(1.) This second appeal by the second defendant arose out of a suit for partition of the assets of one Gulam Mohammed Sahib. Plaintiff and defendants 4 to 6 are his daughters and defendants 2 and 3 are his sons. First defendants is the widow. In the plaint, there are three schedules. A schedule is the land and B schedule is a copra yard attached to it. C schedule is an oil mill which is now finally held to be not a partible item. It is now concluded that A and B schedules are partible items. There was a controversy whether another business is a partible item that belonged to the father or a separate asset of the appellant. Now that is also finally held to be a partible item. Daughters are entitled to 7/64 each and sons 14/64. Balance belongs to the first defendant. Those are also not disputed and concluded by the preliminary decree and subsequent orders.
(2.) The suit was originally filed before the Sub Court. At that time, appellant was appointed as Receiver for the suit properties. The suit was then returned and represented before the Munsiff's Court. Before the preliminary decree, the appellant purchased the shares of the plaintiff and defendants 1,3 and 4. Fifth defendant was thereafter transposed as additional second plaintiff. Preliminary decree took note of the purchases not opposed by the other contestants and held as if the additional second plaintiff and sixth defendant are entitled to 7/64 each and the entire balance goes to the appellant. By the impugned order passed by the Trial Court, as directed by this Court in C.R.P. No. 1888 of 1979, it was held that purchases of the shares of the plaintiff and defendants 1, 3 and 4 by the appellant were with funds that came to his hands as Receiver by way of income from the common business and hence those shares will enure to the benefit of additional second plaintiff and sixth defendant as well. This finding confirmed by the appellate court is under challenge in this second appeal. It is not disputed that the purchases of shares made by the appellant were with funds that came to him as Receiver.

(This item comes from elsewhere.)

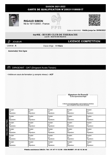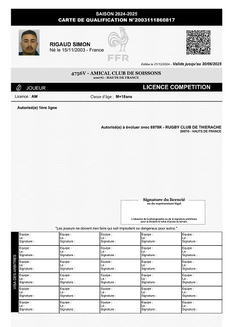 Nom:   Rigaud Prénom:   Simon Date de naissance:   Samedi 15 novembre 2003 Lieu de naissance:   St Quentin (France) Poste:   Ailier |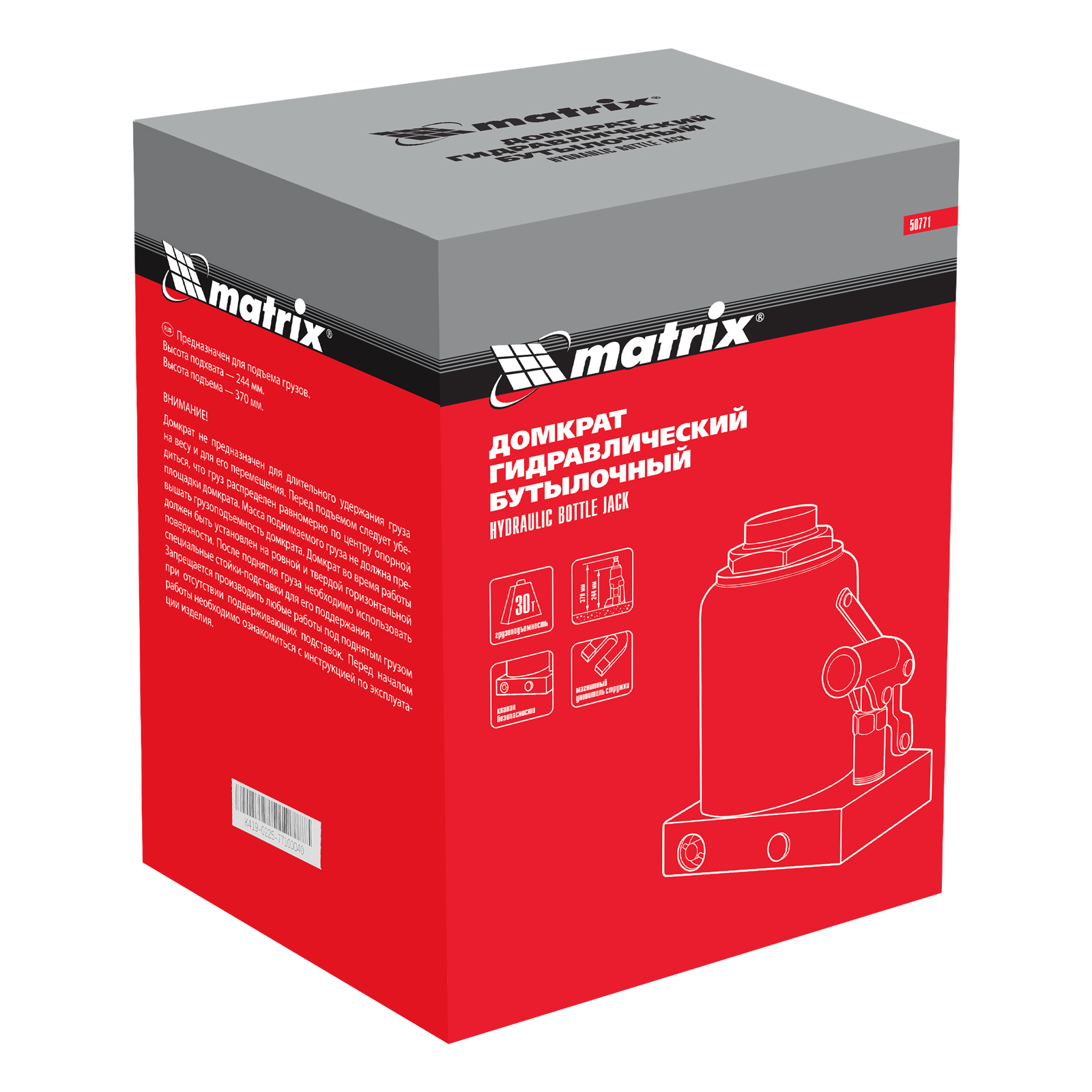 Домкрат гидравлический бутылочный, 30 т, h подъема 244-370 мм Matrix в Казани

(3.) The only dispute to be solved is whether the purchases will enure to the benefit of the appellant alone and he is only liable to account for the income and profits or whether he is also liable to share the proceeds of the purchases with the second plaintiff and sixth defendant. In solving that controversy, the two further questions that crop up are whether the appellant could be treated as a trustee of the other coowners and even if so construed, is it possible for the Court in the final decree proceedings to go behind what is decided by the preliminary decree.